Raw data:
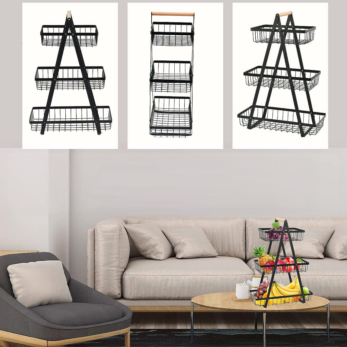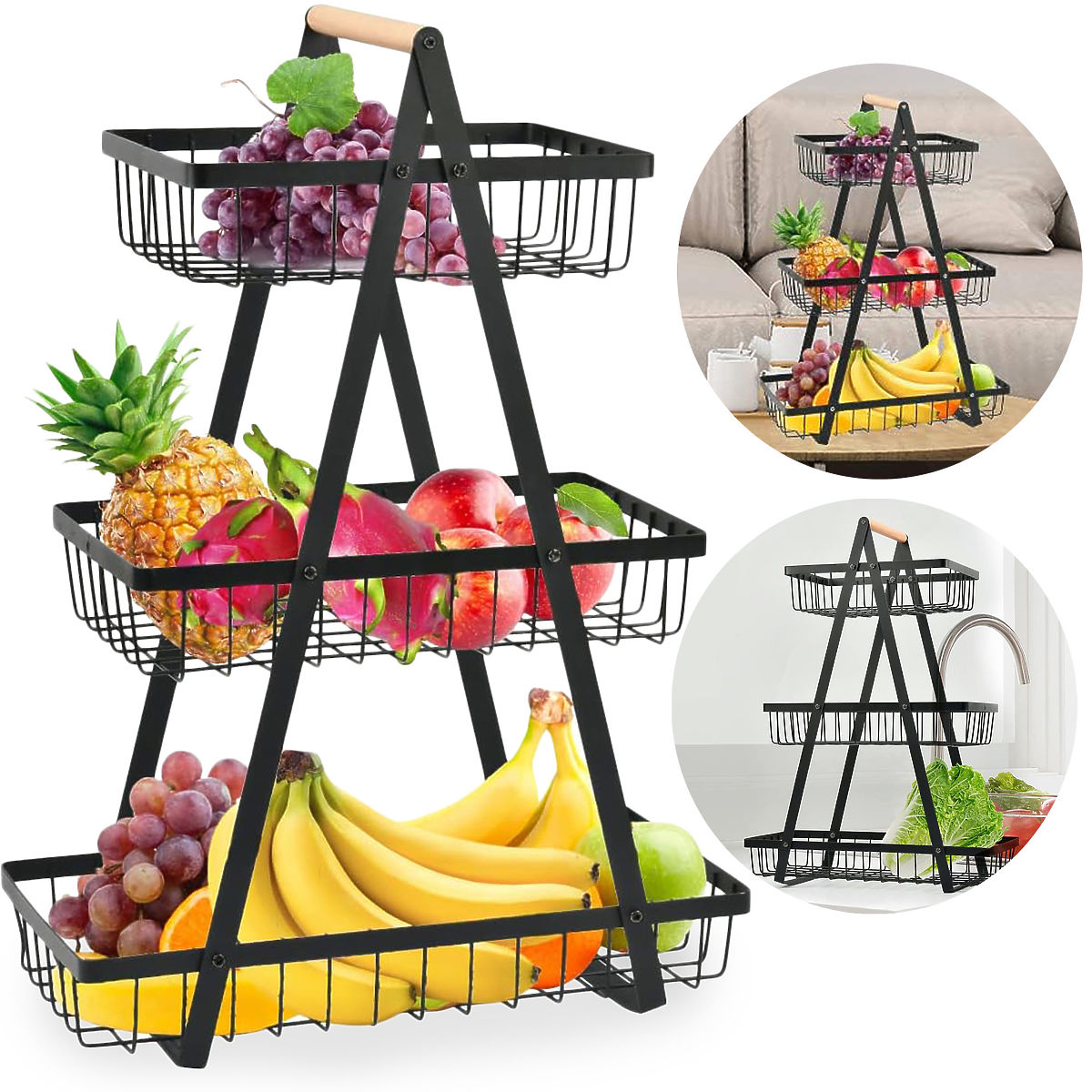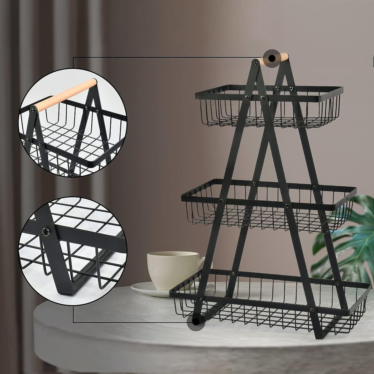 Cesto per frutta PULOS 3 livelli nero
* * *
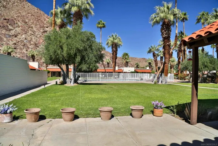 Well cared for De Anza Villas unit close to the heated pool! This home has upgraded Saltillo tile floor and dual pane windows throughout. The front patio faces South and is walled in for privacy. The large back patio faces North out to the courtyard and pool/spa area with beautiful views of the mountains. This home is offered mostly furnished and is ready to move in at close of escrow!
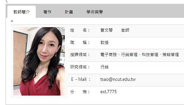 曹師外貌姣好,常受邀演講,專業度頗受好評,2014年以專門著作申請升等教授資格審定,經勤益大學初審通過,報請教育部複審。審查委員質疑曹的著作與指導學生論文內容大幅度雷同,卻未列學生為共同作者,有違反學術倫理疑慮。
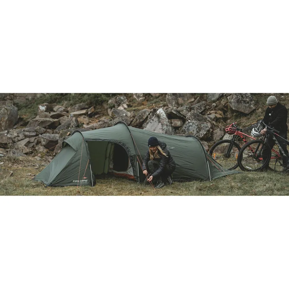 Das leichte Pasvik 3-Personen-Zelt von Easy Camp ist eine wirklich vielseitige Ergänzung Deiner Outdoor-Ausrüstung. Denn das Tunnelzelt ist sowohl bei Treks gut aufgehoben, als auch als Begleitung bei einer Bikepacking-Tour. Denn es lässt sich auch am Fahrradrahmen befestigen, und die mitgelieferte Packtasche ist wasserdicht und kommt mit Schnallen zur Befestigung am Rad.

What is expected: Once the line with "Well cared for" is found above, transcribe each line from it through the line with "Das leichte Pasvik", exactly, and omit the pictures.

Solution to this problem:
 Well cared for De Anza Villas unit close to the heated pool! This home has upgraded Saltillo tile floor and dual pane windows throughout. The front patio faces South and is walled in for privacy. The large back patio faces North out to the courtyard and pool/spa area with beautiful views of the mountains. This home is offered mostly furnished and is ready to move in at close of escrow!
 曹師外貌姣好,常受邀演講,專業度頗受好評,2014年以專門著作申請升等教授資格審定,經勤益大學初審通過,報請教育部複審。審查委員質疑曹的著作與指導學生論文內容大幅度雷同,卻未列學生為共同作者,有違反學術倫理疑慮。
 Das leichte Pasvik 3-Personen-Zelt von Easy Camp ist eine wirklich vielseitige Ergänzung Deiner Outdoor-Ausrüstung. Denn das Tunnelzelt ist sowohl bei Treks gut aufgehoben, als auch als Begleitung bei einer Bikepacking-Tour. Denn es lässt sich auch am Fahrradrahmen befestigen, und die mitgelieferte Packtasche ist wasserdicht und kommt mit Schnallen zur Befestigung am Rad.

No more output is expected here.